Cuando cae la primera nieve y aparecen los primeros trineos es agradable ver la
tierra blanca, los blancos tejados, exhalar el tibio aliento, y la estación
trae a la memoria los años juveniles. Las viejas limas y abedules, cubiertos de
escarcha, tienen una expresión simpática y están más cerca de nuestro corazón
que los cipreses y las palmas. Junto a ellos se olvidan el mar y las
montañas.
Gurov había nacido en Moscú; llegó a él en
un bello día de nieve, y al ponerse su abrigo de pieles y sus guantes, al
pasearse por Petrovka, al oír el domingo por la tarde el sonido de las
campanas, olvidó
el encanto de su reciente aventura y del sitio que dejara. Poco a poco se
absorbió en la vida de Moscú;
leía con avidez los periódicos ¡y declaraba que los leía sin fundamento! En
seguida sintió un deseo irresistible de ir a los restaurantes, a los clubes, a
las comidas, aniversarios y fiestas; se sintió orgulloso de hablar y discutir
con célebres abogados, con artistas, de jugar a las cartas con algún profesor
en el club de doctores. Ya podía hasta comer un plato de pescado salado o una
col...
Al cabo de un mes, le pareció que la imagen
de Ana Sergeyevna había de cubrirse de una bruma en su memoria y visitarlo en
sueños de cuando en cuando, con una sonrisa, como hacían otras. Pero pasó más
de un mes, llegó el verdadero invierno, y recordaba todo aquello tan claramente
como si se hubiera separado de Ana Sergeyevna el día antes. Estos
recuerdos, lejos de morir, se avivaron con el tiempo. En la tranquilidad de la tarde, al oír las palabras de
los niños estudiando en alta voz, el sonido del piano en un restaurante, o el
ruido de tormenta que llegaba por la chimenea, volvía de repente todo a su
memoria: lo ocurrido en el muelle la mañana de niebla junto a las montañas, el
vapor que volvía de Teodosia y los besos. Gurov se levantaba entonces y paseaba
por su habitación recordando y sonriendo; luego, sus recuerdos se
convertían en ilusiones, y en su fantasía el pasado se mezclaba con el
porvenir. Ana Sergeyevna no lo visitaba ya en sueños, lo seguía por todas
partes como una sombra, como un fantasma. Al cerrar los ojos la veía como si estuviese viva delante de él, y
Gurov la encontraba más encantadora, más joven, más tierna de lo que en
realidad era, imaginándosela aún más hermosa de lo que estaba en Yalta. Por la tarde, Ana Sergeyevna lo
miraba desde el estante de los libros, desde el hogar de la chimenea; desde
cualquier rincón oía su respiración y el roce acariciador de sus faldas. En la
calle miraba a todas las mujeres buscando alguna que se pareciese a ella.

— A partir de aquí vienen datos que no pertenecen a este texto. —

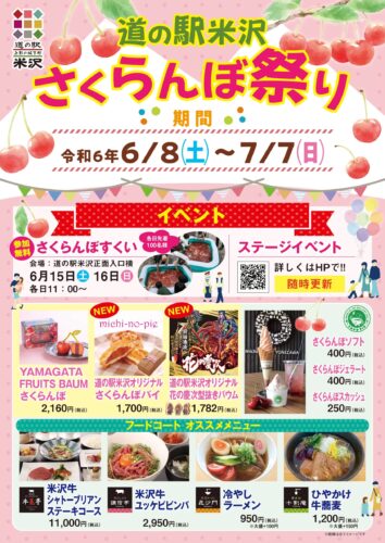 イベント【山形イベント情報6/8~7/7】道の駅米沢さくらんぼ祭り(米沢市) 2024年6月8日~7月7日に、道の駅米沢で「さくらんぼ祭り」が開催されます! 道の駅米沢「さくらんぼ祭り」 期間中は「さくら
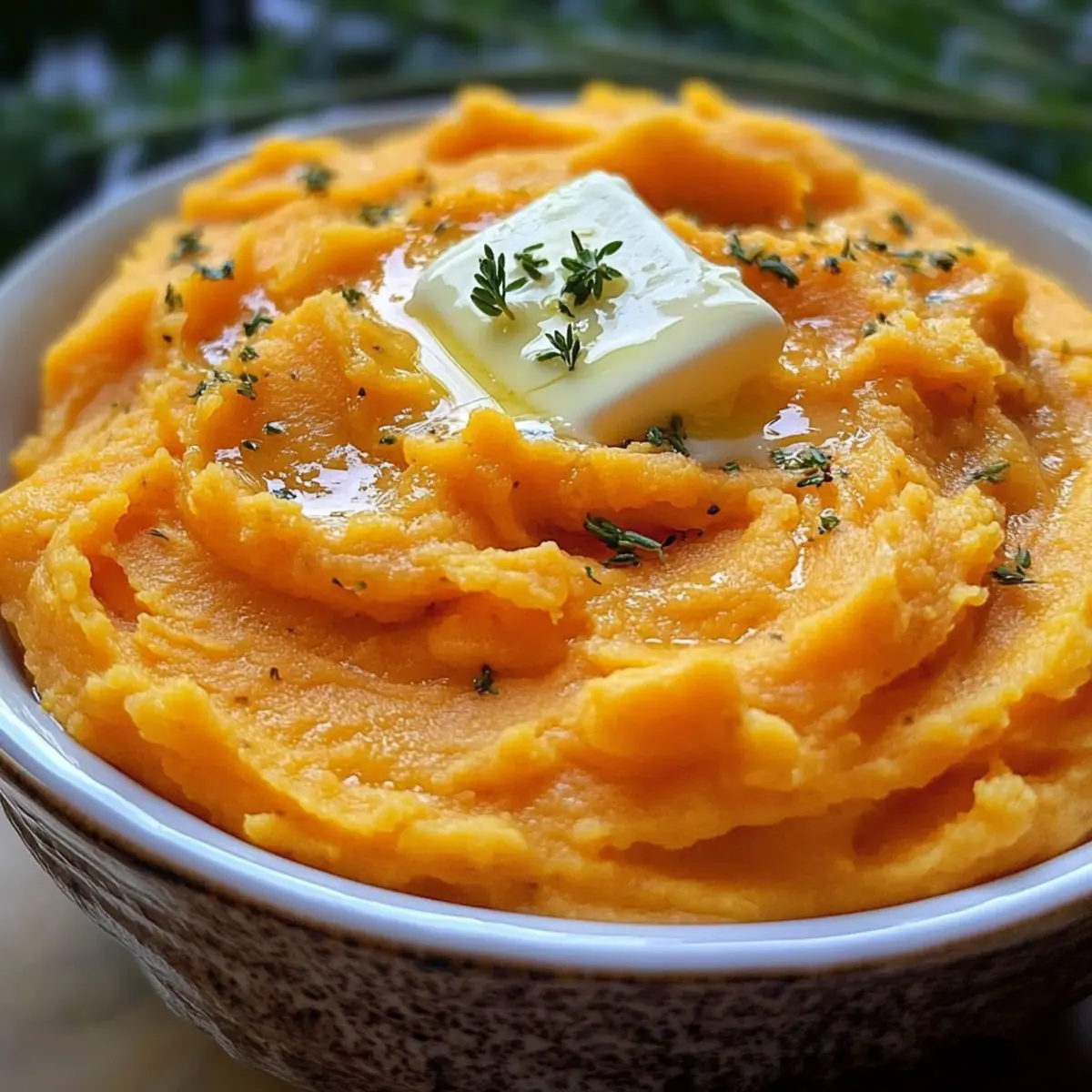 6. Die fluffigen pürierten Süßkartoffeln in eine Servierschüssel übertragen. Optional mit einem Klacks Butter oder frischen Kräutern dekorieren.

Un deseo intenso de comunicar a alguien sus
ideas lo atormentaba. Pero en su casa era imposible hablar de su amor, y
fuera de ella tampoco tenía a nadie; ni a sus compañeros de oficina ni a ninguno en el banco podía
contárselo. ¿De qué iba a hablar entonces? Pero ¿es que había estado enamorado?
¿Hubo algo de poético, de edificante, simplemente de interés en sus relaciones
con Ana Sergeyevna? Y todo se le volvía hablar vagamente de amor, de
mujer, y nadie sospechaba nada; sólo su esposa fruncía el entrecejo y decía:
-No
te va el papel de conquistador, Dimitri.
Una tarde, al volver del club de doctores
con un oficial, con el que había estado jugando a las cartas, no se pudo
contener y le dijo:
-¡Si supieras la mujer tan fascinadora que
conocí en Yalta!
El oficial entró en su trineo, y se iba ya,
pero se volvió de pronto exclamando:
-¡Dmitri Dmitrich!
-¿Qué?
-¡Tenías razón esta tarde: el esturión era
demasiado fuerte!
Aquellas palabras tan corrientes llenaron a
Gurov de indignación, encontrándolas degradantes y groseras. ¡Qué modo tan
salvaje de hablar! ¡Qué noches más estúpidas, qué días más faltos de interés!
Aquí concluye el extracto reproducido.